10-group ridge model (nested 10x10 CV, unbiased)
Origin	N	Recall	Precision	F1	AUC
MENAP	12410	97.5	92.7	95.0	0.991
East European	3502	86.8	85.8	86.3	0.986
Turkish	3337	96.3	93.2	94.7	0.997
Vietnamese	2235	97.7	96.8	97.2	0.998
South Asian	2197	87.5	95.8	91.5	0.985
Germanic	2142	76.7	70.4	73.4	0.973
Romance	1135	57.7	65.5	61.4	0.963
Southeast Asian	1091	51.9	61.8	56.4	0.958
Sub-Saharan African	821	34.7	67.1	45.7	0.920
East Asian	483	65.6	85.9	74.4	0.975

Overall: Accuracy 88.3%, Macro F1 77.6, Weighted F1 87.8, Macro AUC 0.975, Weighted AUC 0.985

Predicted origin over time (10 groups)

origin_simple_year <- d |>
  count(law_year, origin_simple) |>
  group_by(law_year) |>
  mutate(total = sum(n), pct = n / total * 100) |>
  ungroup() |>
  mutate(origin_simple = factor(origin_simple, levels = c(
    "Germanic", "Romance", "East European",
    "Turkish", "MENAP",
    "South Asian", "Vietnamese", "East Asian", "Southeast Asian",
    "Sub-Saharan African"
  )))

simple_cols <- c(
  "Germanic" = "#1b9e77", "Romance" = "#a6cee3", "East European" = "#e6ab02",
  "Turkish" = "#d95f02", "MENAP" = "#e41a1c",
  "South Asian" = "#984ea3", "Vietnamese" = "#00bfc4",
  "East Asian" = "#377eb8", "Southeast Asian" = "#80b1d3",
  "Sub-Saharan African" = "#ff7f00"
)

ggplot(origin_simple_year, aes(x = law_year, y = n, fill = origin_simple)) +
  geom_col() +
  scale_fill_manual(values = simple_cols) +
  scale_x_continuous(breaks = seq(1988, 2025, 2)) +
  labs(title = "Danish citizenship grants by predicted ethnic origin (1988-2025)",
       subtitle = "10 groups, ridge classifier on character n-grams (88% accuracy)",
       x = "Year", y = "Number of grants", fill = "Origin") +
  theme(axis.text.x = element_text(angle = 45, hjust = 1))

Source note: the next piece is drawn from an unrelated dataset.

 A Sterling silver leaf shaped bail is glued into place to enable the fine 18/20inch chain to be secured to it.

ggplot(origin_simple_year, aes(x = law_year, y = pct, fill = origin_simple)) +
  geom_col() +
  scale_fill_manual(values = simple_cols) +
  scale_x_continuous(breaks = seq(1988, 2025, 2)) +
  scale_y_continuous(labels = \(x) paste0(x, "%")) +
  labs(title = "Danish citizenship grants by predicted ethnic origin (1988-2025)",
       subtitle = "10 groups, ridge classifier on character n-grams (88% accuracy)",
       x = "Year", y = "Percentage", fill = "Origin") +
  theme(axis.text.x = element_text(angle = 45, hjust = 1))

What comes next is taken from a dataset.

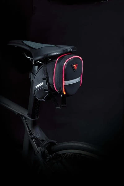 Topeaks Aerowedge iGlow is an aerodynamic, lightweight, under-seat bag with Integral Glow technology for enhanced nighttime visibility. Mounts with Topeak’s innovative Quick Release Buckle system to fit all railed saddles. Includes two CR2032 batteries.

Predicted origin over time (21 groups)

origin_by_year <- d |>
  count(law_year, origin_pred) |>
  group_by(law_year) |>
  mutate(total = sum(n), pct = n / total * 100) |>
  ungroup() |>
  mutate(origin_pred = factor(origin_pred, levels = c(
    "Nordic", "Germanic", "Anglo", "French/South European",
    "East European", "Latin American",
    "Turkish", "Arab", "Iranian", "North African", "Somali/Arab", "Afghan",
    "Pakistani", "Sri Lankan", "South Asian",
    "Vietnamese", "Chinese", "Southeast Asian", "East Asian other",
    "East African", "West African"
  )))

origin_cols <- c(
  "Nordic" = "#1b9e77", "Germanic" = "#66a61e", "Anglo" = "#7570b3",
  "French/South European" = "#a6cee3", "East European" = "#e6ab02",
  "Latin American" = "#e7298a",
  "Turkish" = "#d95f02", "Arab" = "#e41a1c", "Iranian" = "#fb8072",
  "North African" = "#fdb462", "Somali/Arab" = "#bc80bd", "Afghan" = "#ccebc5",
  "Pakistani" = "#984ea3", "Sri Lankan" = "#8dd3c7", "South Asian" = "#bebada",
  "Vietnamese" = "#00bfc4", "Chinese" = "#377eb8", "Southeast Asian" = "#80b1d3",
  "East Asian other" = "#f781bf",
  "East African" = "#ff7f00", "West African" = "#b15928"
)

ggplot(origin_by_year, aes(x = law_year, y = pct, fill = origin_pred)) +
  geom_col() +
  scale_fill_manual(values = origin_cols) +
  scale_x_continuous(breaks = seq(1988, 2025, 2)) +
  scale_y_continuous(labels = \(x) paste0(x, "%")) +
  labs(title = "Danish citizenship grants by predicted name origin (21 groups)",
       x = "Year", y = "Percentage", fill = "Origin") +
  theme(axis.text.x = element_text(angle = 45, hjust = 1))

Validation against DST

We validated predictions against Statistics Denmark (DST) table DKSTAT which records citizenships granted by previous nationality.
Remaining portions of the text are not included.